As illustrated in Figure 2, we propose CD2FSAN, a CLIP-driven segmentation framework tailored for RRSIS to address the challenges of semantic misalignment, spatial heterogeneity, and geometric distortion in aerial imagery.

At the front end of the architecture, the CLIP visual encoder is enhanced through a dynamic feature selection mechanism based on mutual information maximization. During the visual encoding stage, cross-modal similarity is computed between sentence-level text features

F_{T}

and CLIP’s hierarchical intermediate visual embeddings for subsequent cross-modal aggregation and alignment.
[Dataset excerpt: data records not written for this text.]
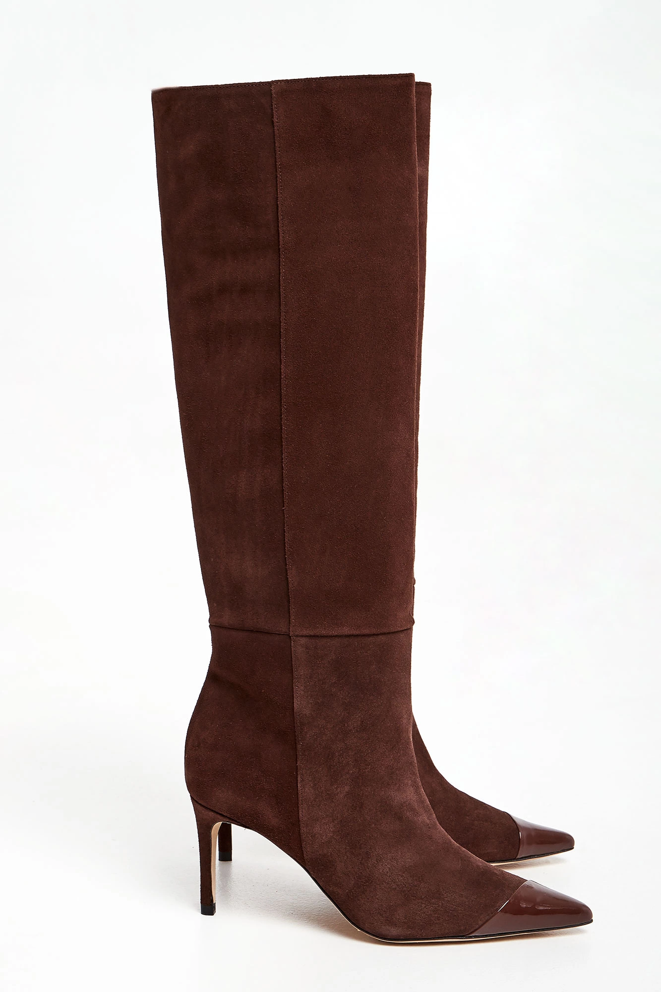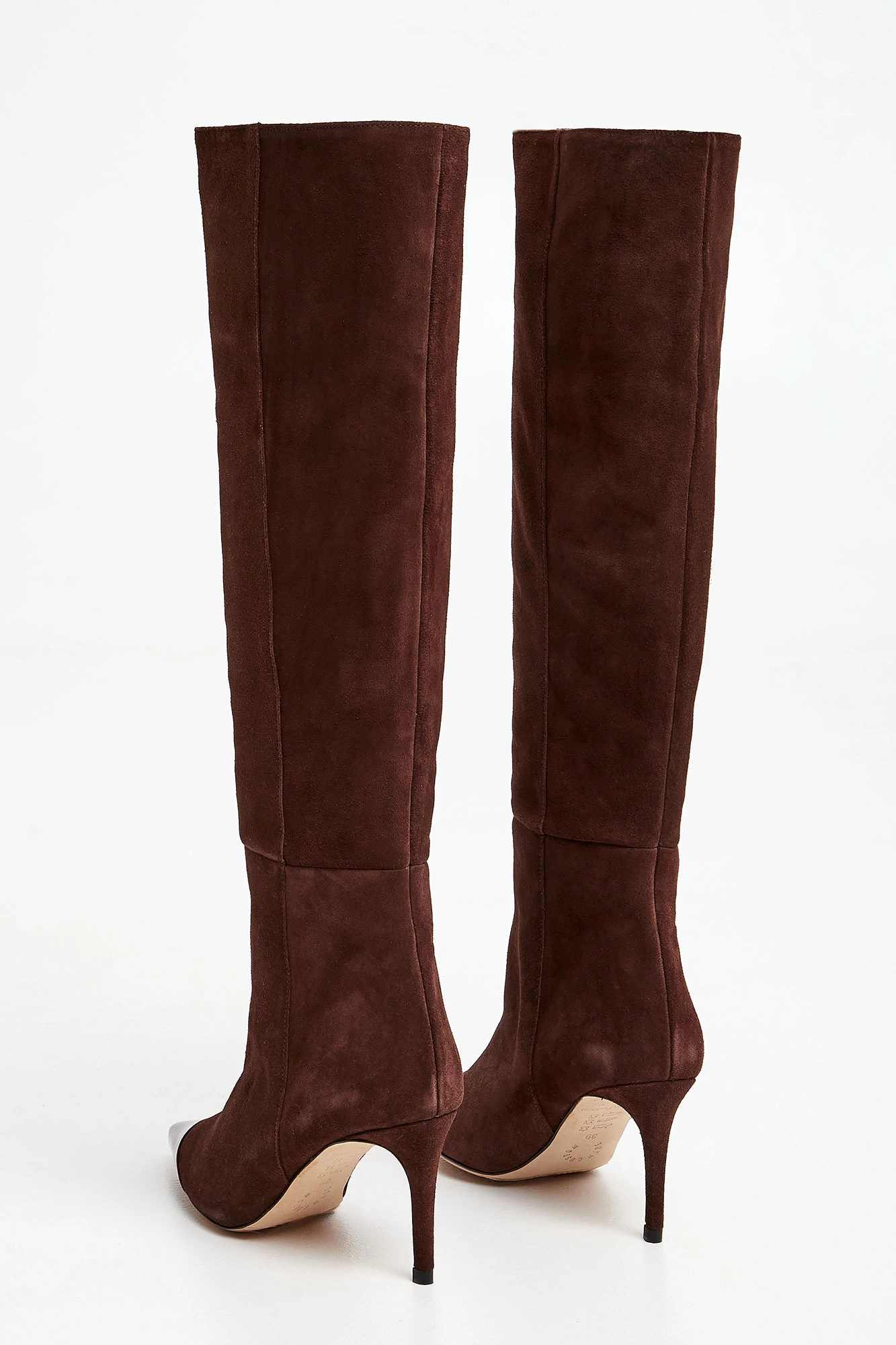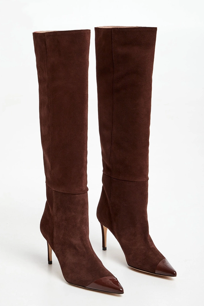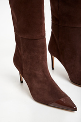 Kozaki na szpilce marki Custommade w ciemnobrązowym kolorze. Wysoka cholewka. Przód zakończony szpiczastym noskiem z połyskującej skóry. Na całości ozdobne przeszycia. Wykonane z naturalnej, zamszowej skóry.
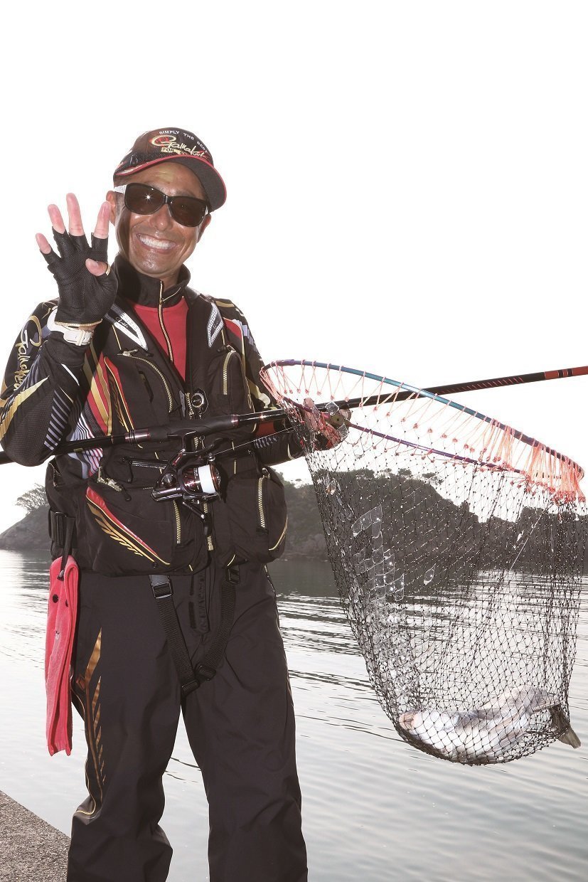 - 人気アーティストでスゴ腕アングラー・MONGOL800髙里悟さんが「がま磯スーパープレシード1.5号5.0m」の高操作性を生かして強風下の愛媛・日振島で大型グレを引きずり出した。
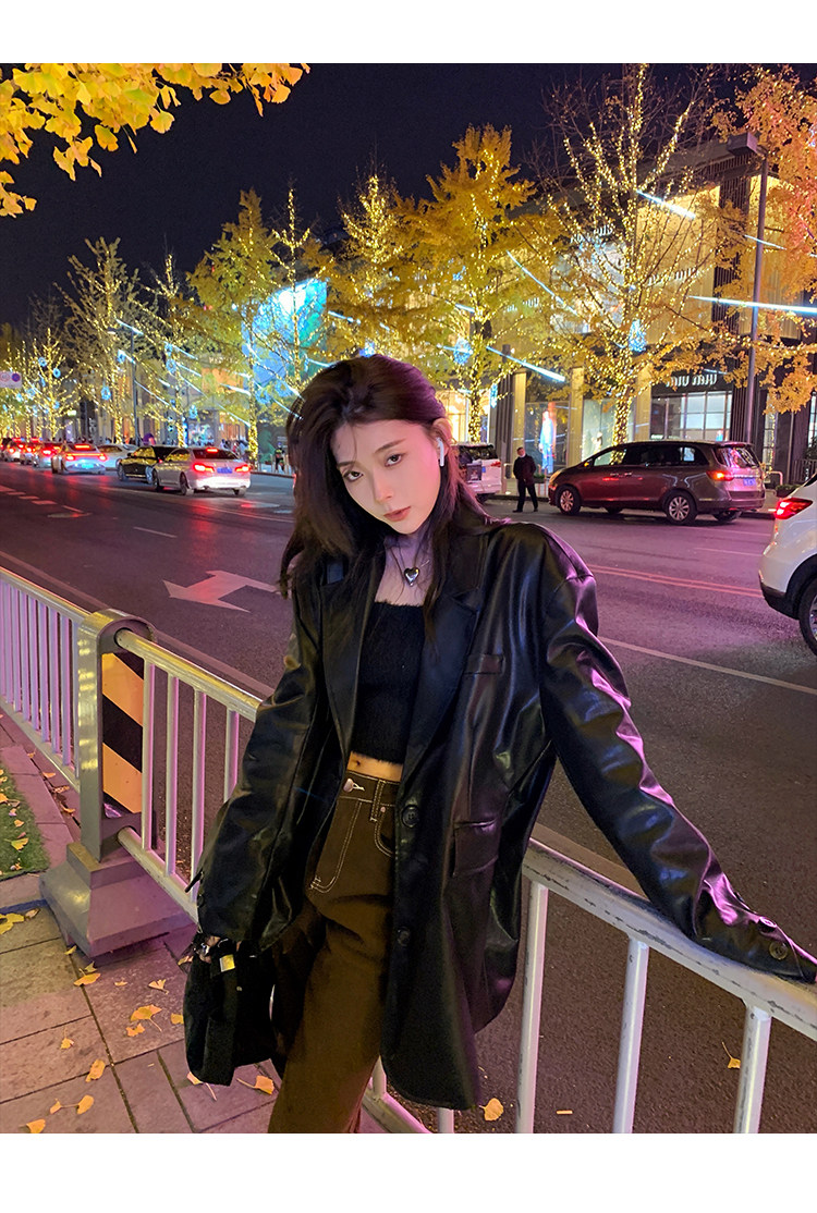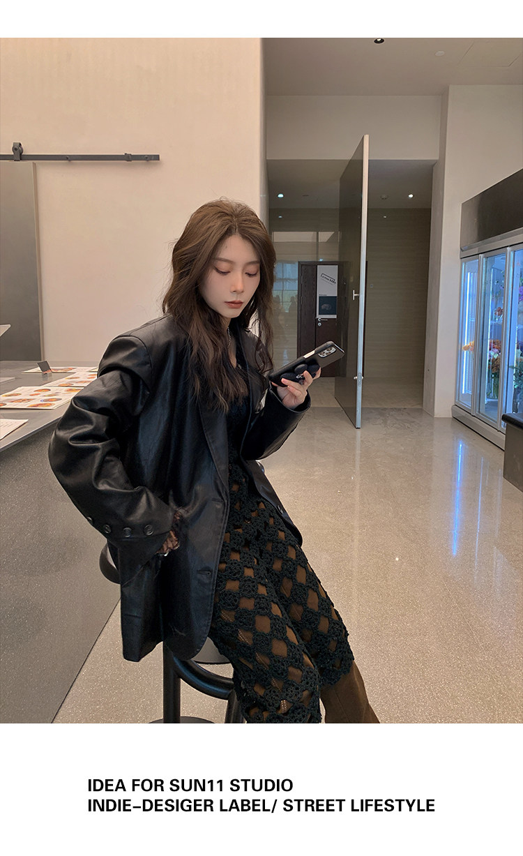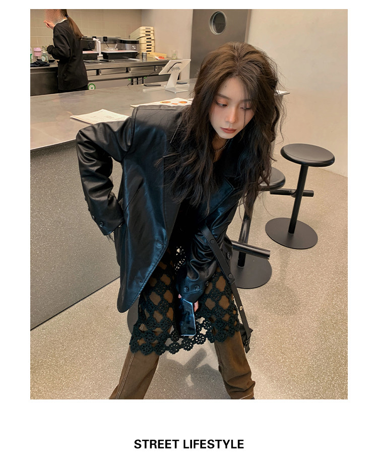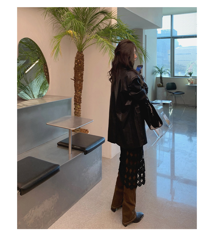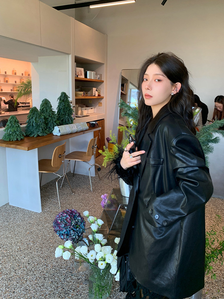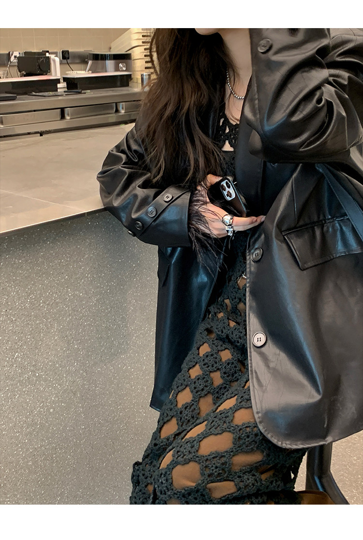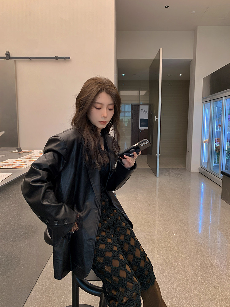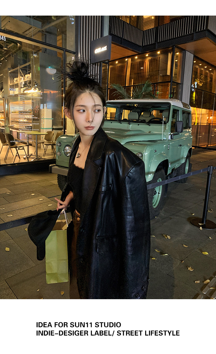 Черная осенняя дизайнерская куртка, полиуретановый длинный костюм, подходит для подростков, изысканный стиль, средней длины, 2022

This process yields an adaptive feature pyramid composed of low-level

F_{V 1}

, mid-level

F_{V 2}

, and high-level

F_{V 3}

representations, facilitating early-stage alignment between language and vision cues while preserving both fine-grained and abstract semantics. To enhance spatial awareness and facilitate effective multi-scale fusion, the MAAM first consolidates the hierarchical visual features

F_{V 1}, F_{V 2}, F_{V 3}

into an intermediate representation

F_{F}

. Then, this module introduces a hybrid alignment strategy that integrates Image Multi-scale Convolution (IMC) and Text Multi-scale Convolution (TMC). IMC employs directional and dilated convolutions to capture diverse spatial patterns within remote sensing imagery, while TMC applies scale-adaptive 1D convolutions to extract hierarchical linguistic structures from word-level embeddings

F_{W}

. Through joint self-attention and cross-attention mechanisms, MAAM produces an aligned representation

F_{A}

that encodes both spatial detail and semantic consistency across modalities. The final prediction is generated by the DRCD, which is designed to address orientation variability, a key obstacle in remote sensing segmentation. Based on the input

F_{A}

, the decoder predicts sample-specific rotation angles

θ

and dynamically transforms convolutional kernels via differentiable affine operations. This rotation-aware process aligns the convolutional receptive fields with the dominant object orientations, resulting in a robust pose-adaptive decoding pipeline. The output features are progressively refined through a top-down pathway to produce the final segmentation mask M, with particular efficacy in capturing arbitrarily rotated or densely packed targets.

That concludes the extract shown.